## Record set:

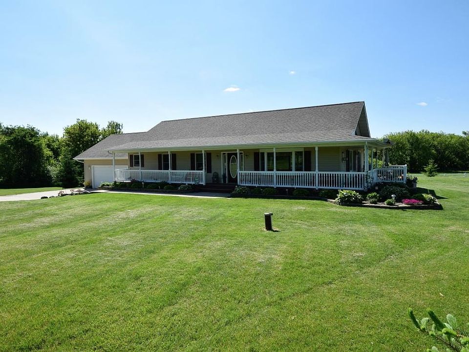 Nature surrounds you! Home built in 2008 on 3 acres, home is open & welcoming! Wrap around front porch and brick patio overlooks beautiful gardens. 3 bedroom 2 bath, main floor laundry room, vaulted ceilings, gas FP accented with field stone, large island/breakfast bar, hickory cabinets, tile floor, 5' trim master suite are a few of the attractive features of this home. Full size windows in basement plumbed for 3rd bath and ready for your finishing touches. 2 acres fenced pasture & invisible fence. 1 large animal allowed per acre.
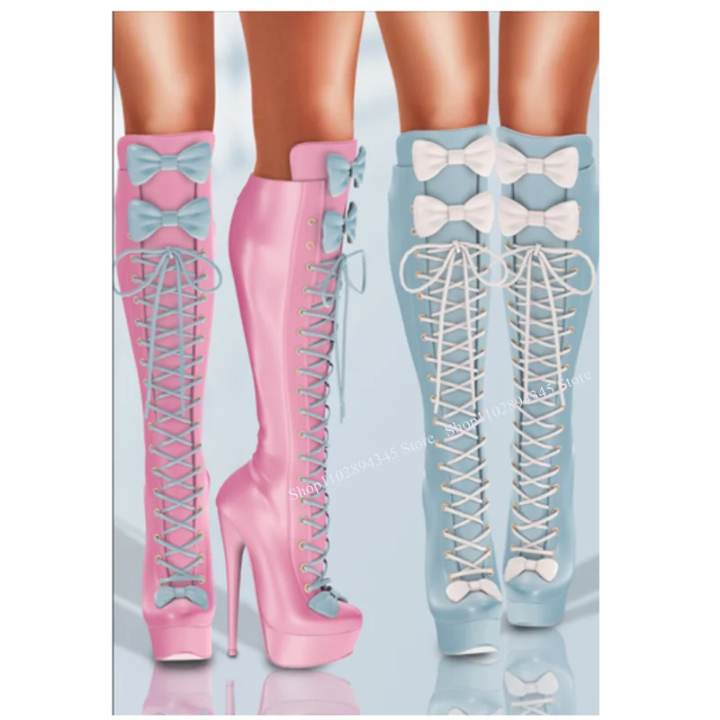 Green Lace Up Platform Bow Knot Boots Thin High Heel Sexy Fashionable Cool Winter Casual Big Size Woman Shoes Zapatillas Mujer
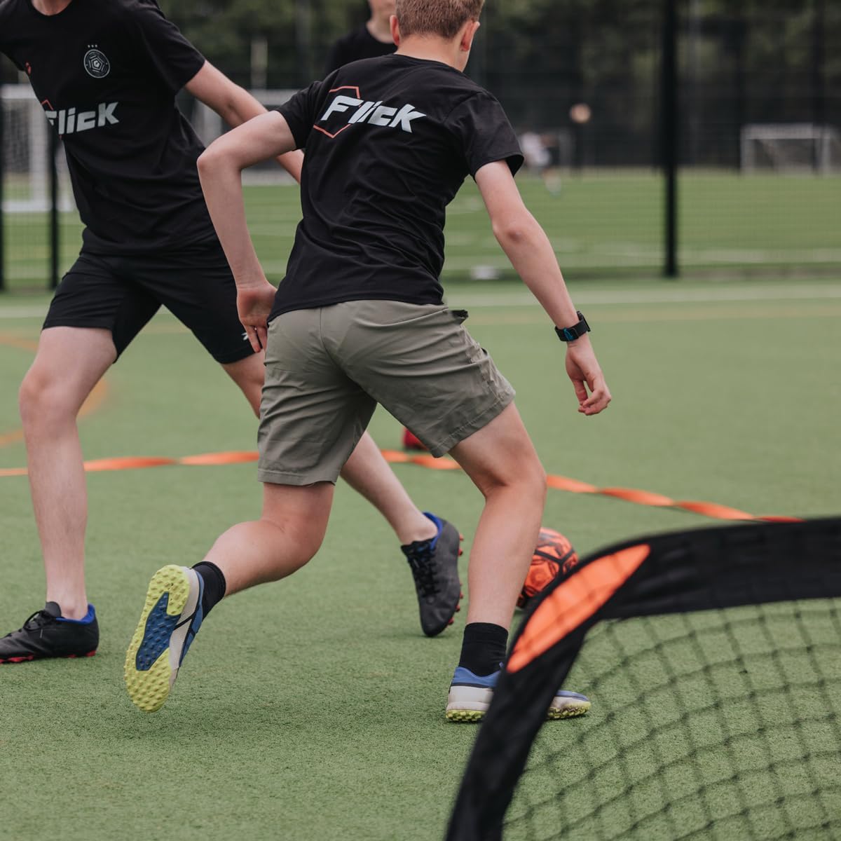 The Football Flick Urban Pitch Pack is a portable football pitch that comes with 2 pop up, lightweight football goals, a pitch marker to create your pitch, carry bag to fold everything away into and pegs to secure everything down. The foldable football goals are an ideal size for 1v1, 2v2 or 3v3 matches. Each pop up goal is made of high quality fibreglass poles that are very easily assembled and disassembled. The Urban Pitch pack can be used on any surface making it ideal for the garden, pitch or even beach. The Urban Pitch Pack is ideal for kids and grown ups of all abilities who want to improve their football training or just have lots of fun.
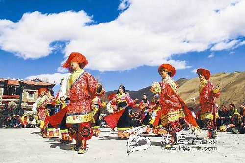 康定縣呷巴鄉(xiāng)上呷村的村民跳起歡樂的舞蹈,喜迎藏歷新年。
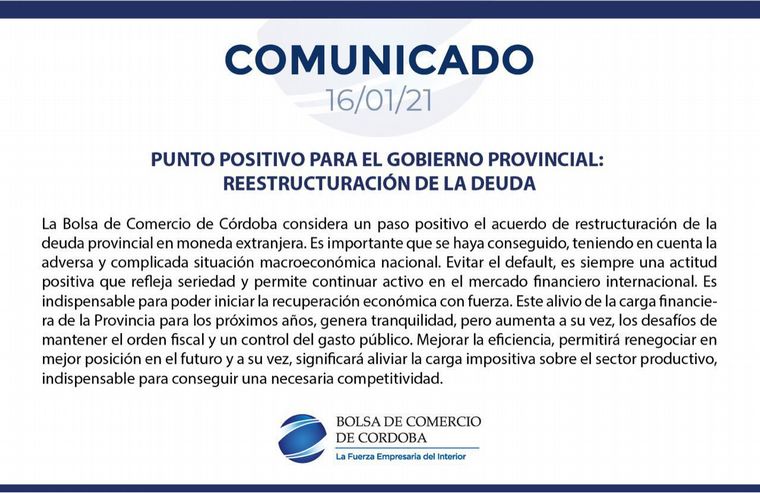 En un comunicado oficial, la entidad cordobesa destacó como "positivo" la reestructuración y la negociación con los acreedores, anunciado por el gobernador Juan Schiaretti la semana pasada. Mirá.
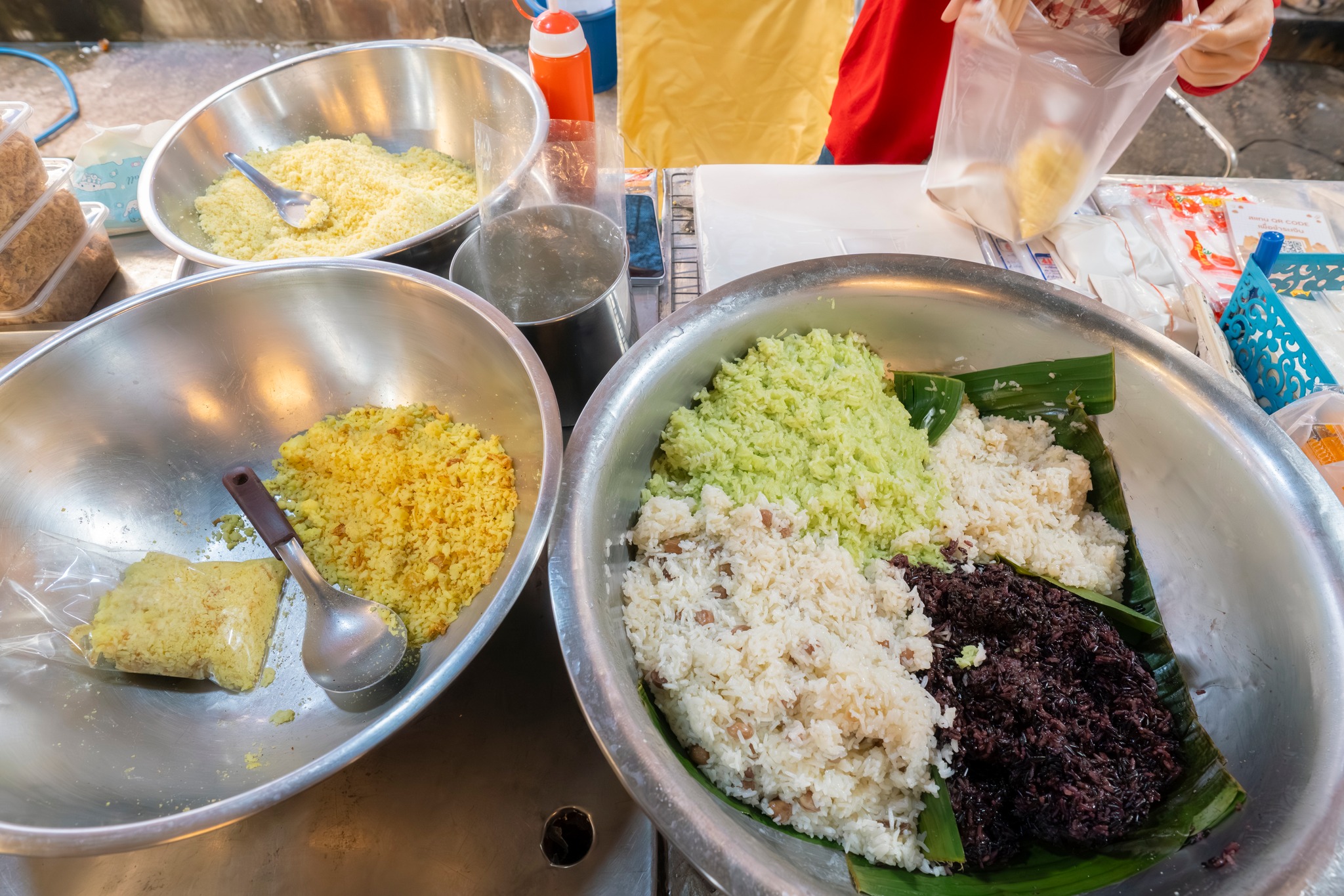 เดินลัดเลาะไปตามทางเดินแคบ ๆ ของตลาด สายตาก็พลางมองหาป้ายร้านหรือถาดข้าวเหนียวสีสวยที่เล่าลือกันว่าเหลือขายเพียงเจ้าเดียวในจังหวัด จนเกือบถึงทางออกตลาด สายตาสะดุดเข้ากับร้านขนมไทยเล็ก ๆ แห่งหนึ่ง ข้าวเหนียวนึ่งหลากสีถูกจัดวางอย่างงดงามบนใบตองในอ่างใบใหญ่
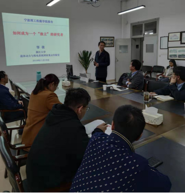 11月18日下午,机电与能源学院邀请浙江大学机械工程学院院长助理、浙江大学机器人与智能装备科技联盟秘书长邹俊教授在学院会议室为老师们进行国家自然科学基金申请辅导讲座。
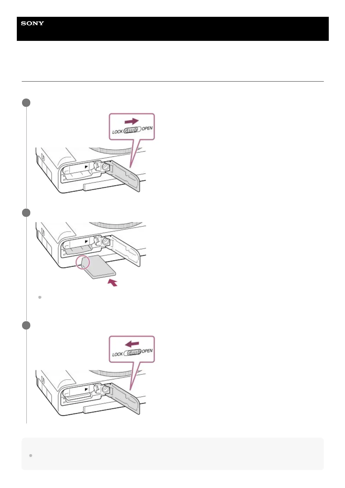 With the notched corner facing in the direction illustrated, insert the memory card until it clicks into place. Insert
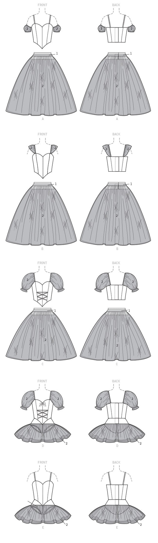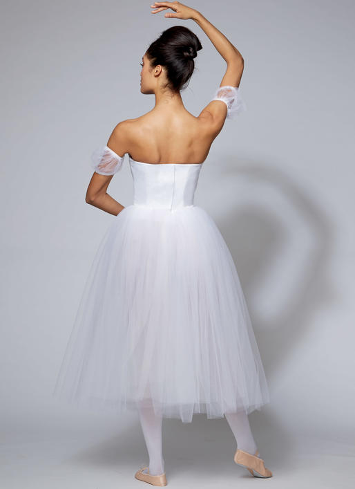 Ballettkostüme haben ein tailliertes, unterfüttertes Mieder mit Klettverschluss am Rückenverschluss. Die Ansichten A, B und C haben geraffte Röcke mit Längenvariationen. Die Ansichten D und E haben untere Passe, geraffte Röcke und angesetzte Höschen mit Gummizug in den Beinausschnitten. Ansicht A: elastische Schulterträger und Ärmel mit Gummizug in den Hüllen. Ansicht B: geraffte Ärmel mit Gummizug im Schulterbereich. Ansicht C: Ärmel mit Gummizug im Schulter- und Unterarmbereich und gekauftem Kordelband. Ansicht D: Ärmel mit Gummizug im Schulter- und Unterarmbereich, Bandschleife und gekaufter Kordelborte. Ansicht E: elastische Schulterriemen.
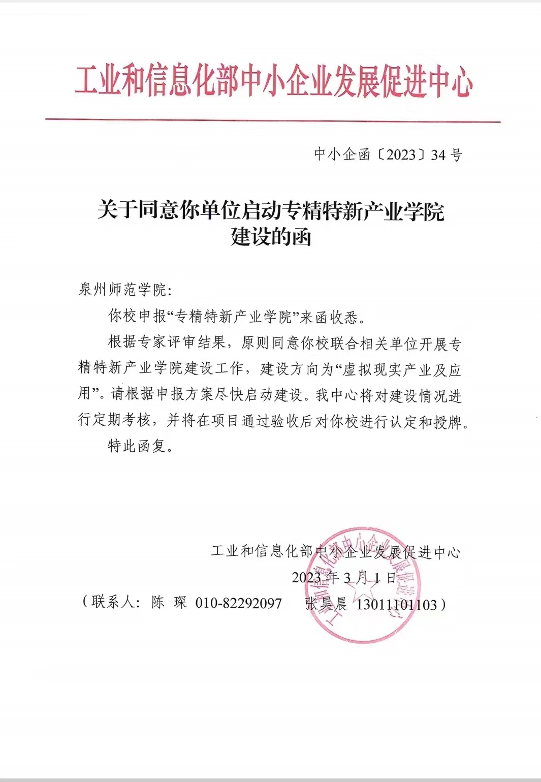 近日,工业和信息化部向我校发函,我校“虚拟现实”专精特新产业学院建设项目正式获批立项。
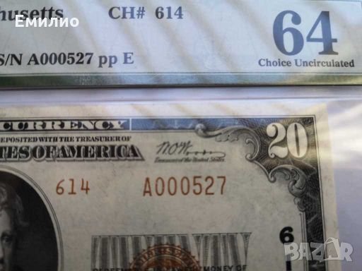 С Кафяв Печат и Супер Сериен номер 527. $ 20 Долара 1929 год.
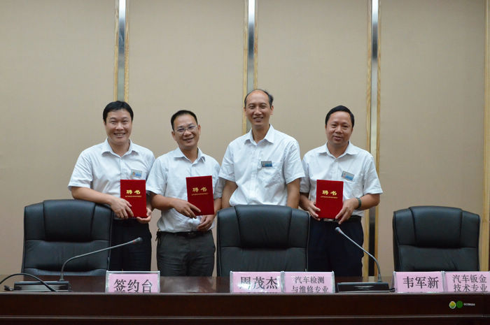 图十一:关菲明副院长为“汽车检测与维修专业”、“汽车与钣金技术专业”主要负责人樊海林、周茂杰、韦军新颁发聘书
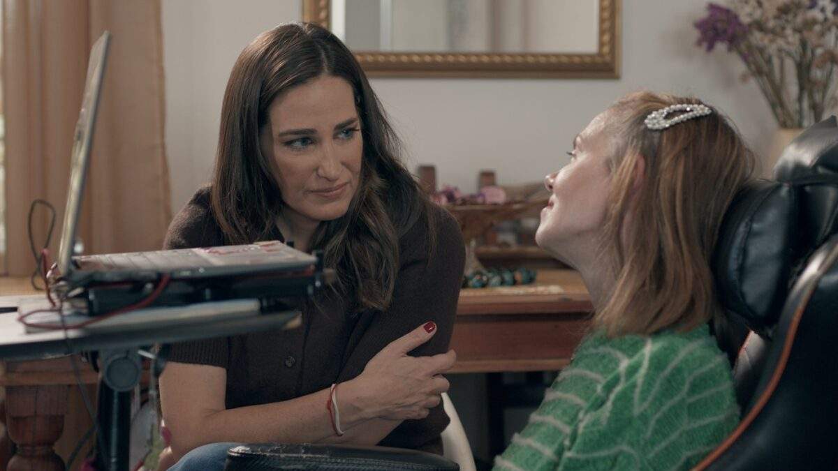 Η Ειρήνη ζητάει εξηγήσεις από την Ασπασία γιατί της έκρυψε την αλήθεια για τον βιολογικό της πατέρα, όπως θα δούμε στην συνέχεια της σειράς Η Γη της Ελιάς..

## Exercise:
Exactly reproduce each record, leaving out any pictures.

## Written answer:
 Nature surrounds you! Home built in 2008 on 3 acres, home is open & welcoming! Wrap around front porch and brick patio overlooks beautiful gardens. 3 bedroom 2 bath, main floor laundry room, vaulted ceilings, gas FP accented with field stone, large island/breakfast bar, hickory cabinets, tile floor, 5' trim master suite are a few of the attractive features of this home. Full size windows in basement plumbed for 3rd bath and ready for your finishing touches. 2 acres fenced pasture & invisible fence. 1 large animal allowed per acre.
 Green Lace Up Platform Bow Knot Boots Thin High Heel Sexy Fashionable Cool Winter Casual Big Size Woman Shoes Zapatillas Mujer
 The Football Flick Urban Pitch Pack is a portable football pitch that comes with 2 pop up, lightweight football goals, a pitch marker to create your pitch, carry bag to fold everything away into and pegs to secure everything down. The foldable football goals are an ideal size for 1v1, 2v2 or 3v3 matches. Each pop up goal is made of high quality fibreglass poles that are very easily assembled and disassembled. The Urban Pitch pack can be used on any surface making it ideal for the garden, pitch or even beach. The Urban Pitch Pack is ideal for kids and grown ups of all abilities who want to improve their football training or just have lots of fun.
 康定縣呷巴鄉(xiāng)上呷村的村民跳起歡樂的舞蹈,喜迎藏歷新年。
 En un comunicado oficial, la entidad cordobesa destacó como "positivo" la reestructuración y la negociación con los acreedores, anunciado por el gobernador Juan Schiaretti la semana pasada. Mirá.
 เดินลัดเลาะไปตามทางเดินแคบ ๆ ของตลาด สายตาก็พลางมองหาป้ายร้านหรือถาดข้าวเหนียวสีสวยที่เล่าลือกันว่าเหลือขายเพียงเจ้าเดียวในจังหวัด จนเกือบถึงทางออกตลาด สายตาสะดุดเข้ากับร้านขนมไทยเล็ก ๆ แห่งหนึ่ง ข้าวเหนียวนึ่งหลากสีถูกจัดวางอย่างงดงามบนใบตองในอ่างใบใหญ่
 11月18日下午,机电与能源学院邀请浙江大学机械工程学院院长助理、浙江大学机器人与智能装备科技联盟秘书长邹俊教授在学院会议室为老师们进行国家自然科学基金申请辅导讲座。
 With the notched corner facing in the direction illustrated, insert the memory card until it clicks into place. Insert
 Ballettkostüme haben ein tailliertes, unterfüttertes Mieder mit Klettverschluss am Rückenverschluss. Die Ansichten A, B und C haben geraffte Röcke mit Längenvariationen. Die Ansichten D und E haben untere Passe, geraffte Röcke und angesetzte Höschen mit Gummizug in den Beinausschnitten. Ansicht A: elastische Schulterträger und Ärmel mit Gummizug in den Hüllen. Ansicht B: geraffte Ärmel mit Gummizug im Schulterbereich. Ansicht C: Ärmel mit Gummizug im Schulter- und Unterarmbereich und gekauftem Kordelband. Ansicht D: Ärmel mit Gummizug im Schulter- und Unterarmbereich, Bandschleife und gekaufter Kordelborte. Ansicht E: elastische Schulterriemen.
 近日,工业和信息化部向我校发函,我校“虚拟现实”专精特新产业学院建设项目正式获批立项。
 С Кафяв Печат и Супер Сериен номер 527. $ 20 Долара 1929 год.
 图十一:关菲明副院长为“汽车检测与维修专业”、“汽车与钣金技术专业”主要负责人樊海林、周茂杰、韦军新颁发聘书
 Η Ειρήνη ζητάει εξηγήσεις από την Ασπασία γιατί της έκρυψε την αλήθεια για τον βιολογικό της πατέρα, όπως θα δούμε στην συνέχεια της σειράς Η Γη της Ελιάς..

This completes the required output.